Work to be completed: Give back the lines below exactly, but do not include any pictures.

Given records:
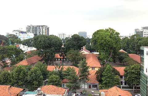 Trường Marie Curie nhìn từ trên cao, cổ kính dưới bóng mát cổ thụ. Ảnh: QUỲNH NHƯ
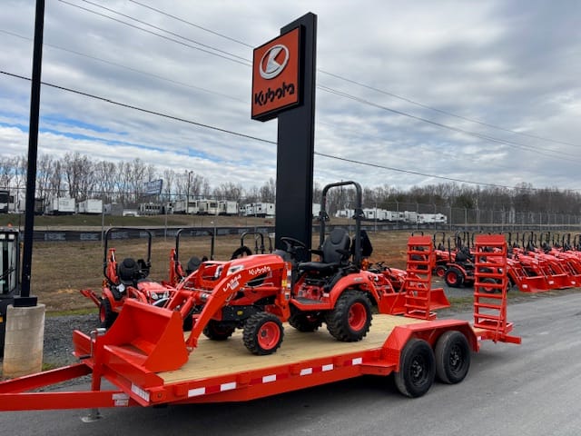 Kubota BX2680V-1 Hydrostat tractor with a Kubota LA344S loader and 20′ Jobsite trailer. -$23,450 cash or payments as low as $344/month.
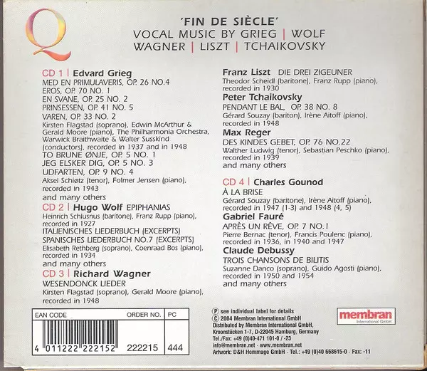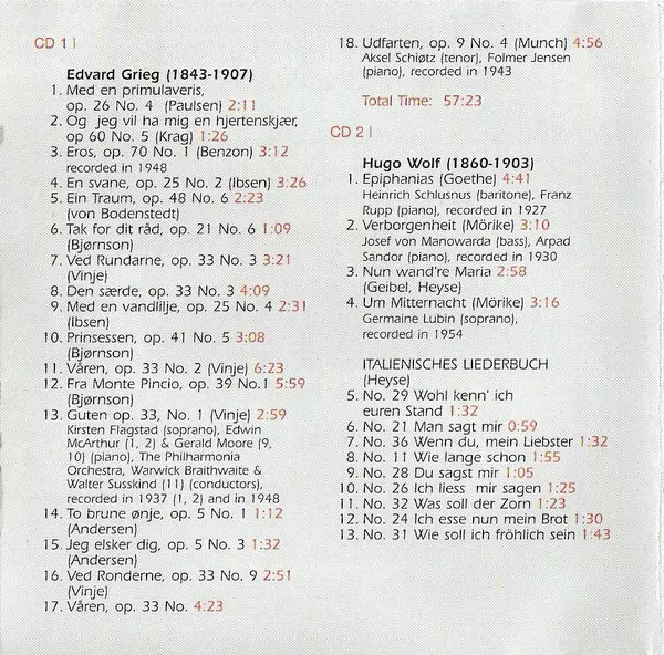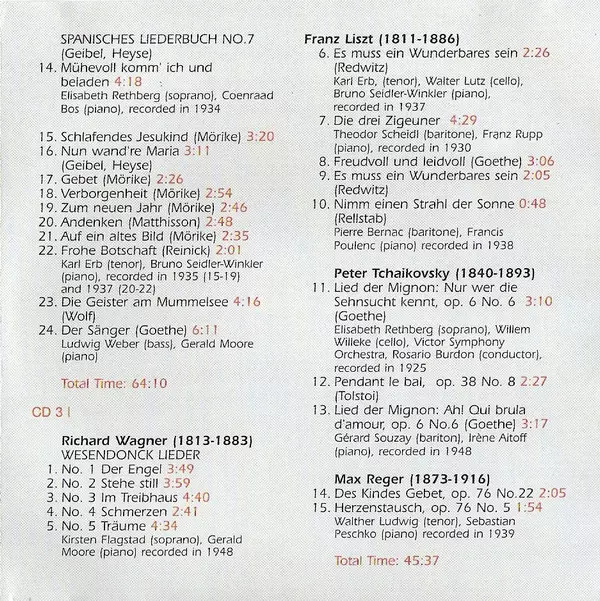 | Wykonawca | Pyotr Ilyich Tchaikovsky | Edvard Grieg | Richard Wagner | Franz Liszt | Hugo Wolf |
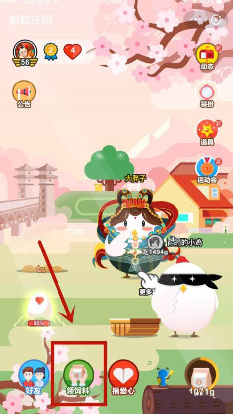 3、点击进入页面最下方的领饲料选项。
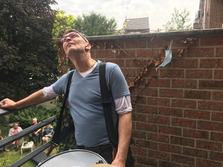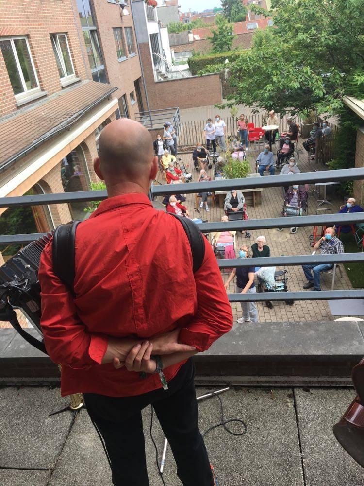 The elderly residents at Seniorie Bizet in Anderlecht can not receive visitors on a regular basis just yet, so in order to cheer them up a little, their caretakers asked Jaune Toujours to play an open air concert.

Answer below:
 Trường Marie Curie nhìn từ trên cao, cổ kính dưới bóng mát cổ thụ. Ảnh: QUỲNH NHƯ
 Kubota BX2680V-1 Hydrostat tractor with a Kubota LA344S loader and 20′ Jobsite trailer. -$23,450 cash or payments as low as $344/month.
 | Wykonawca | Pyotr Ilyich Tchaikovsky | Edvard Grieg | Richard Wagner | Franz Liszt | Hugo Wolf |
 3、点击进入页面最下方的领饲料选项。
 The elderly residents at Seniorie Bizet in Anderlecht can not receive visitors on a regular basis just yet, so in order to cheer them up a little, their caretakers asked Jaune Toujours to play an open air concert.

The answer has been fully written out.